Simulated Annealing Algorithm (SAA)
- Simulated annealing makes small adjustments to a candidate solution
- Keeps those adjustments which lead to an improvement in solution quality
- Gradually morphs the solution towards the closest local optimum
- Resembles Hillclimbing in behaviour
A hybrid estimation of distribution algorithm (hEDA)
- Hybridisation addresses the first bottleneck, i.e. combining it with the SAA to combine the methods of exploration methods with exploitation methods to shorten the search time
- We address the model buliding bottleneck by using the simple model building approach, i.e. probably of each basic stratum belonging to a larger stratum
Outline of the hEDA
- Start with a population of \(N_p\) solutions
- Either generated at random, or generated with random permutations of a starting solution (accompanying that solution)
- Evaluate the population and select a predefined number of the best quality solutions (elitism)

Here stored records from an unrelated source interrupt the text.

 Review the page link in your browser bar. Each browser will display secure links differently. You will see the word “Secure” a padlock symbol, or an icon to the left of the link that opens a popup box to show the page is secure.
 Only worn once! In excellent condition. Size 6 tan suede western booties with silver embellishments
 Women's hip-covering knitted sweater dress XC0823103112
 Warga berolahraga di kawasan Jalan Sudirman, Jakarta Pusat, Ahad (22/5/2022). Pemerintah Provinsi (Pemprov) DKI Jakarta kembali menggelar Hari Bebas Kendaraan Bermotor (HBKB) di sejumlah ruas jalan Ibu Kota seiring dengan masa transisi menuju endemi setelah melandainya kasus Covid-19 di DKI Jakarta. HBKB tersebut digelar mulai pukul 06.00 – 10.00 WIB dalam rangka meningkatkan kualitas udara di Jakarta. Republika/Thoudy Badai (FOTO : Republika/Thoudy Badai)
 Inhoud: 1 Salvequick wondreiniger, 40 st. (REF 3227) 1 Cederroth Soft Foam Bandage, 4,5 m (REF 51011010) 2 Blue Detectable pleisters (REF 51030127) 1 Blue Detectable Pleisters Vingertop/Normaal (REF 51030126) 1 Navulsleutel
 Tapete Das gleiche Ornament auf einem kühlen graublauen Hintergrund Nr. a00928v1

- Construct a probability model of the best solutions
- Use this model to generate new solutions to replace those not selected at the elitism stage
- After a tunable number of iterations a simulated annealing algorithm is applied to a tunable number of solutions in the population
- We the continue as before
- This process continues until a stopping rule has been reached

Versatility and Adaptability of the hEDA
- Hybrid Estimation of Distribution Algorithm with Simulated Annealing
- Hybrid Estimation of Distribution Algorithm with Hillclimbing
- Estimation of Distribution Algorithm
- Simulated Annealing Algorithm
- Hillclimbing Algorithm
Evaluation Approach
- Each of the \(Np\) solutions in the population are evaluated in a two step-approach using the aggrStrata function (Ballin and Barcaroli, 2020) and Bethel algorithm (Ballin and Barcaroli, 2020; De Meo and De Meo, 2009)
- We have coded the aggrStrata function in C++ and integrated it in to R using the Rcpp package (Eddelbuettel, 2013)

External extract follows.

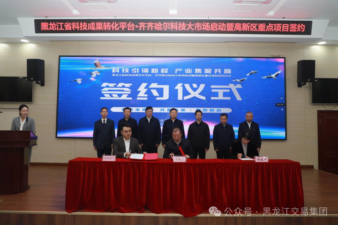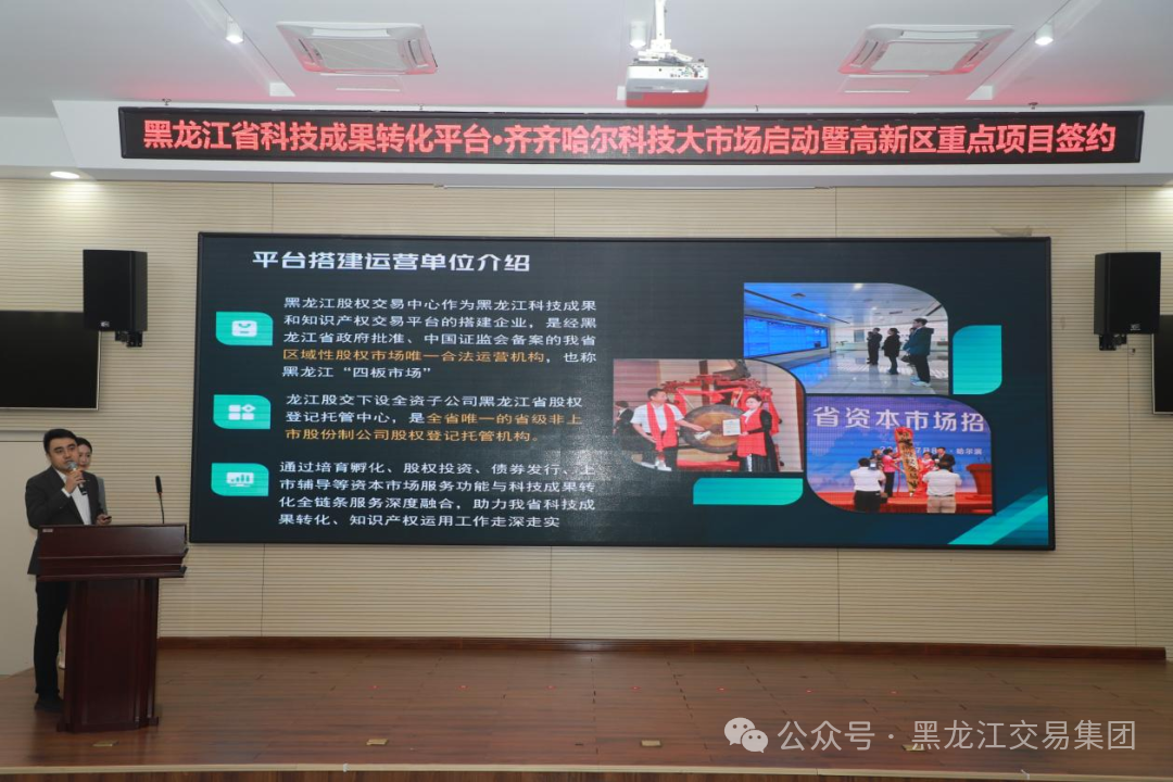 前期,为助力哈大齐自创区建设、培育和发展新质生产力,黑龙江股权交易中心与齐齐哈尔市高新区管委会、齐齐哈尔市科技局充分协同,高效联动,在成果转化、招商引资、上市培育等领域有诸多成果落地,各方携手共建黑龙江科技成果和知识产权交易平台齐齐哈尔分平台、齐齐哈尔科技大市场。齐齐哈尔科技大市场充分整合政策、资本与产业资源,推动省级平台资源与齐齐哈尔“2345”现代化产业体系深度融合,致力打造区域性全要素科技创新服务基地,通过“政府引导、市场运作、资源协同”的创新机制,构建线上线下结合的“两大载体、五大功能”服务体系,线下实体大市场位于高新区高新智谷展厅,集展示、对接、路演与服务功能于一体;线上分平台由龙江股交搭建,汇聚成果、需求、人才与资本资源,提供评估、交易、融资、孵化全流程服务。
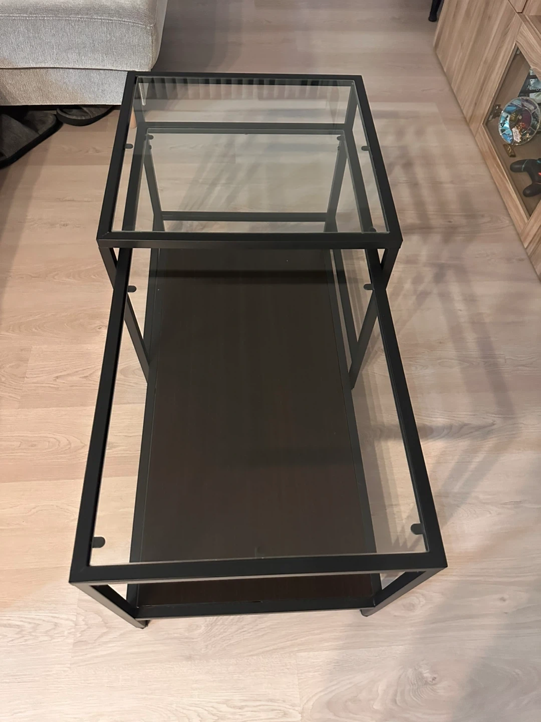 Selling a set of nesting coffee tables. They have a black frame and a glass top. Great for saving space and adding a modern touch to your living room!

- the traditional set.seed() function in R which was useful for reproducbility of experiments is not easily applied in Rcpp - meaning that some further work is required before we can reproduce results exactly
Initial Solutions generated using
Hard clustering
- Kmeans algorithm
- Kmedoids algorithm (partitioning around medoids) ### Soft Clustering
- Fuzzy clustering (Soft clustering)
Future plans
- Integrate a C++ version of the Bethel algorithm into R (Some work on this has already been done and we have been collaborating with Giulio Barcaroli)
- Integrate a C++ version of the hEDA into R (Beta version exists)
- Expecation Maximisation algorithm for generating initial solutions to be finalised
Bibliography
Ballin, M. and G. Barcaroli (2020). Optimization of sampling strata with the SamplingStrata package. Accessed 3 May 2021. https://barcaroli.github.io/SamplingStrata/articles/SamplingStrata.html
Bethel, J. W. (1985). An optimum allocation algorithm for multivariate surveys. American Statistical Proceedings of the Survey Research Methods, Section, 209-212.
Chromy, J. R. (1987). Design optimization with multiple objectives. Proceedings of the Survey Research Methods Section.
De Meo, M. and M. M. De Meo (2009). Package ‘bethel’.
Eddelbuettel, E. (2013). Seamless R and C++ Integration with Rcpp ISBN 978-1-4614- 6867-7 10.1007/978-1-4614-6868-4
Hauschild, M. and M. Pelikan (2011). An introduction and survey of estimation of distribution algorithms. Swarm and evolutionary computation 1 (3), 111–128.